How did Mike Bloomberg end up changing the rules so that he could run for a third term as mayor? Let’s ask NYC speaker Christine Quinn:
“It’s a piece of legislation and a vote and a choice that is a difficult one, but it’s one we take at a different time, a time when our city is facing the worst fiscal crisis since the Great Depression,” she said.
I didn’t like McCain talking about this as a fiscal crisis, but in some ways this is even worse, because New York City actually had a real, honest-to-goodness fiscal crisis not so long ago, in the late 70s. And judging by its bond ratings right now, it’s nowhere near those levels yet.

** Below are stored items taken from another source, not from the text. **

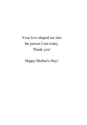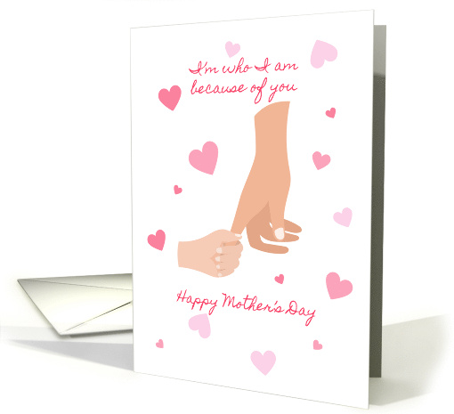Celebrate the beautiful bond between a mother and child with this heartfelt Mother’s Day card. Featuring a tender illustration of a small hand holding onto a mother’s finger, surrounded by soft pink hearts, this card captures the essence of love, guidance, and gratitude. The message, “I’m who I am because of you,” paired with “Happy Mother’s Day,” expresses the deep appreciation we feel for the women who shaped our lives. This is perfect for moms, stepmoms, grandmas, or mother figures who made a lasting impact.
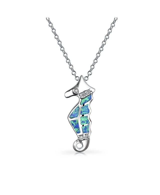 Bling Jewelry Tropical Nautical Blue Created Opal Sand Crab Pendant Necklace Sterling Silver
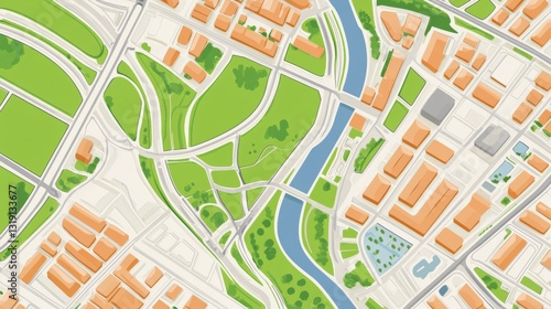Detailed close up illustration of an urban area map highlighting streets, parks, and landmarks
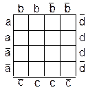 В этом методе для изображения функции n переменных рисуется специальная таблица, которая содержит 2n клеток. В каждой клетке ставится соответствие одному из наборов n переменных. В клетке записывается значение, принимаемое функцией при этом наборе аргументов. Все клетки, соответствующие наборам содержащие некоторую переменную без знака инверсии образуют область из 2n-1 клеток. Эта область называется областью данной переменной (например, область переменной х). Остальные клетки образуют область этой инверсной переменной. Возможные наборы аргументов распределены по клеткам таким образом, чтобы границы областей всех переменных и их инверсии были четки, а принадлежность любой клетки к той или иной область зрительно легко выявлялась.
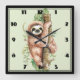 Cute Watercolor Sloth & Tropical Leaves Square Wall Clock
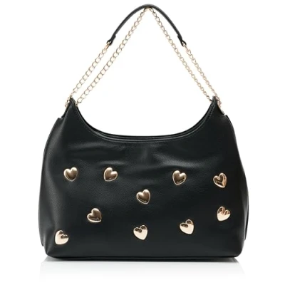 Faux leather shoulder bag With gold hearts Link chain with shoulder piece Zip pocket on the back Textile inner lining with side pocket

So if Quinn had said that she was voting Bloomberg back in to prevent NYC’s worst fiscal crisis in 30 years, that might be one thing. But she didn’t. Yes, NYC is going to be in fiscal pain, now that Wall Street tax revenues have dried up for the foreseeable future. (This year’s losses will cover a lot of future years’ profits.) But scare-mongering about the Great Depression is not a constructive way of going about things.
Still, things are bad, even Felix Rohatyn says so, and he knows what a fiscal crisis looks like:
Offering a gloomily unsettling vision of New York City’s future, Felix G. Rohatyn said Friday that he believed the fiscal crisis of the late 1970’s might seem ”benign” compared to what the city is likely to endure in the next five years.
Oh, wait, that’s not Friday as in today, it’s Friday as in June 2, 1989. I guess I’m not the only Felix who gets things very wrong when I venture into econopunditry.
Fuerralz? That’s marvelously good to know.